Listening back to this interview made me curious about whether it is indeed easy to change shifts, or choose shifts, especially for early career nurses. Is this one of the factors contributing to the current lack of nurses? Relevant to this issue, Julie shared a funny yet insightful anecdote about a new, young nurse who was appointed on rotating shifts and didn’t have a choice to switch to a day shift.
“One night this new nurse on the rotating shift, took the night break at 2 am. While all of us were unaware of where she was. She was not in our unit or kitchen or conference room. So, we had to call overhead, and we still did not know where she was. Finally, she was found in another unit where she slept for 4 hours until 6 am. This happened twice. She realizes that her sleep is not good with the rotating shift.” The ICU department lacked one nurse during those nights. This could have had implications had there been a serious situation. But the question is, is it fair to blame the nurse for succumbing to the biological need for sleep? While some may doubt her competency, the issue at hand isn’t necessarily about her abilities as a nurse, but rather the challenges in managing sleep and coping with sleep loss.
Julie and I agreed that organizations could guide their employees towards attaining better sleep, improved quality of life and effective coping mechanisms including introducing the right place to seek help. Organizations should recognize the sleep issues of people like Julie or the young nurse who involuntarily did rotating shifts, who has family responsibilities, and who like any other human being wishes to live a fulfilling life – all of which are impacted by sleep. Moreover, synergistic effects can surface when situations around us change like menopause, demise of parents, caregiving responsibilities or single parenthood. Through organizations’ support or listening to others’ stories, individuals can accelerate their coping and adaptation process which, as we learnt from Julie, may take years.

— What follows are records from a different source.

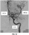 According to some embodiments, theimaging device20 is configured to acquire real-time images of the subject prior to and/or during the execution of a procedure (e.g., mechanical thrombectomy). In some embodiments, theimaging device20 is configured to acquire real-time images of the subject while navigating to the site of the intervention. In some embodiments, theimaging device20 comprises an external X-ray device. However, in other arrangements, theimaging device20 can include any other type of device, such as, e.g., intravascular ultrasound and/or any other intravascular imaging device. One embodiment of an output or other computer representation derived at least partially from the output of theimaging device20 showing a catheter being advanced through the vasculature of the subject is illustrated inFIG. 2.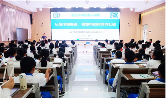 为进一步普及海洋科学知识,提升青少年海洋保护意识,近日,南海海域海岛中心科普团队走进广州市海珠区六中珠江中学,开展了一场题为“从海洋到餐桌:微塑料如何奔向牡蛎”的科普课堂,通过趣味实验互动与生动的科普讲解,带领同学们踏上了一场别开生面的微塑料探秘之旅。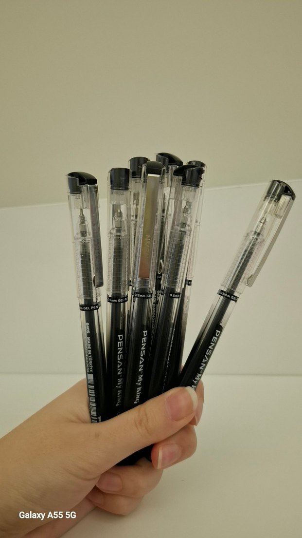 Pensan siyah jel kalemler, şeffaf kapaklı ve koyu mürekkepli. Akıcı yazım ve rahat tutuş sağlar. 8 adettir.

Behind this insightful discussion on Julie’s sleep, life and work, I witnessed an enthusiastic, zealous and passionate person. She said, “During my full-time night shift, people called me crazy because I prioritized doing many activities for myself over my sleep. I knew that it affected my sleep. But for me, it was my happiness to give time to myself and my family. Now with part-time, I can do so many things quickly and well, I can appreciate life, I am here, in the present.”
For Julie, preparation has been a key. Preparing the mindset to sleep in the afternoon and night, preparing her body to nap at work during her break and preparing her mindset for retirement. “I must help my body and brain to understand that in 10 years you will retire. You must prepare now, for a different schedule.” She has dedicated the last three decades of her life to working nightshift and she loves her work despite all its effect on sleep. When asked about how she feels about retirement in ten years she said, “It’s too soon for me.”